YOUR INSTRUCTIONS
Please set down only the lines below starting with the line with "Uniunea Europeana sunt" and going on through the line with "Трехполюсный выключатель-разъединитель реверсивный", verbatim and without pictures.

RECORD EXTRACTS
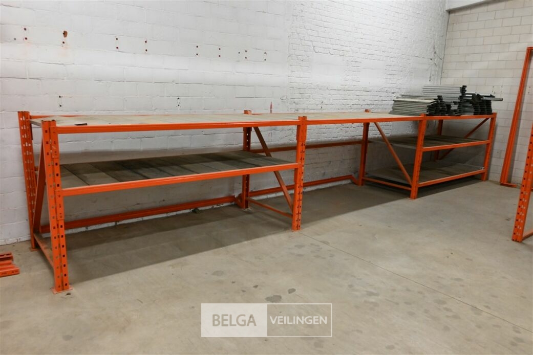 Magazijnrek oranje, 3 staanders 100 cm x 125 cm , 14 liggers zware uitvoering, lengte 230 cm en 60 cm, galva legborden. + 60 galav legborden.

...

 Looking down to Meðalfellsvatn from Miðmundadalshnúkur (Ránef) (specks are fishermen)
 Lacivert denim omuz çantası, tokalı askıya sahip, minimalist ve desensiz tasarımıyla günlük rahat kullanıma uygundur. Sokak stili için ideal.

---

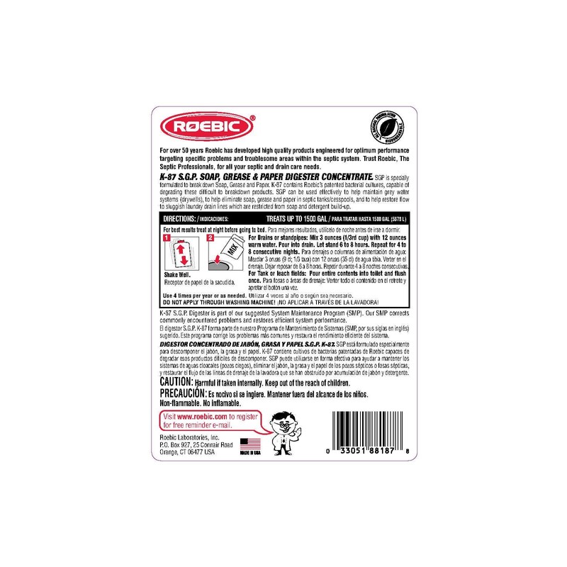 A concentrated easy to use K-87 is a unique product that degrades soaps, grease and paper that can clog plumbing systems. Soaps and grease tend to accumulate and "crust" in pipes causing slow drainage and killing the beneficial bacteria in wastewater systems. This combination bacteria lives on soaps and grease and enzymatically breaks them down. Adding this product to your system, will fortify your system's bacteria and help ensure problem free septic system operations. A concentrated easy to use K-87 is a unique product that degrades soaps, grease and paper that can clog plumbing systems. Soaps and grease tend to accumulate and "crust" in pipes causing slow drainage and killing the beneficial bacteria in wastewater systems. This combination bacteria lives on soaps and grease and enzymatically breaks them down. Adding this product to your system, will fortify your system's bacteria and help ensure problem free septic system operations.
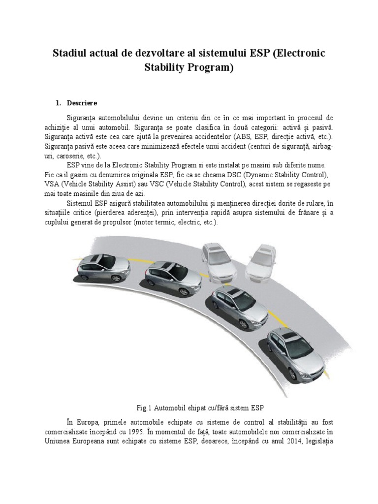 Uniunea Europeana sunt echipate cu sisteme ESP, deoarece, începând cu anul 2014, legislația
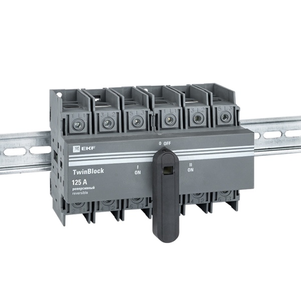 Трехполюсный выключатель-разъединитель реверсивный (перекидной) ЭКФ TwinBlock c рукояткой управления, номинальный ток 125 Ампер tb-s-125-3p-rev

ANSWER BOX
 Uniunea Europeana sunt echipate cu sisteme ESP, deoarece, începând cu anul 2014, legislația
 Трехполюсный выключатель-разъединитель реверсивный (перекидной) ЭКФ TwinBlock c рукояткой управления, номинальный ток 125 Ампер tb-s-125-3p-rev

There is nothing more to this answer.